Un guscio di noce che non impedì a Zanzotto di intessere legami e rapporti con i maggiori intellettuali italiani ed europei del novecento, di essere a tutti gli effetti uno dei punti di riferimento della cultura italiana, tanto che – secondo Gianfranco Contini – egli fu, dopo Montale, il più grande poeta italiano del XX secolo.

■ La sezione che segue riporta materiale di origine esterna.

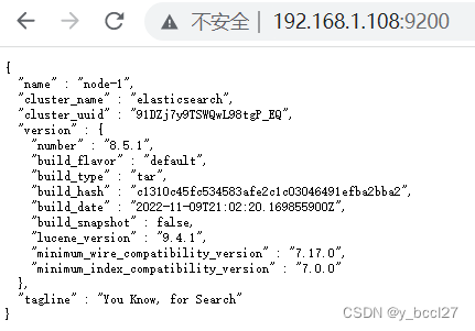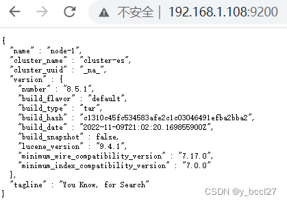 我们在浏览器中再次访问192.168.1.108:9200, 其页面返回内容如下,出现了这个则说明Elasticsearch单节点部署成功

L’esperienza poetica di Zanzotto è però cosa sola e unica con la sua capacità di intuire, narrare, trasfigurare in versi le grandi mutazioni sociali ed antropologiche che nel secolo breve hanno attraversato la provincia e la regione in cui era nato, di profetare, con sguardo preveggente, quale sarebbero stati gli esiti di un processo che ha portato, nel torno di pochi decenni, una delle terre più misere del paese ad essere uno dei campioni economici globali.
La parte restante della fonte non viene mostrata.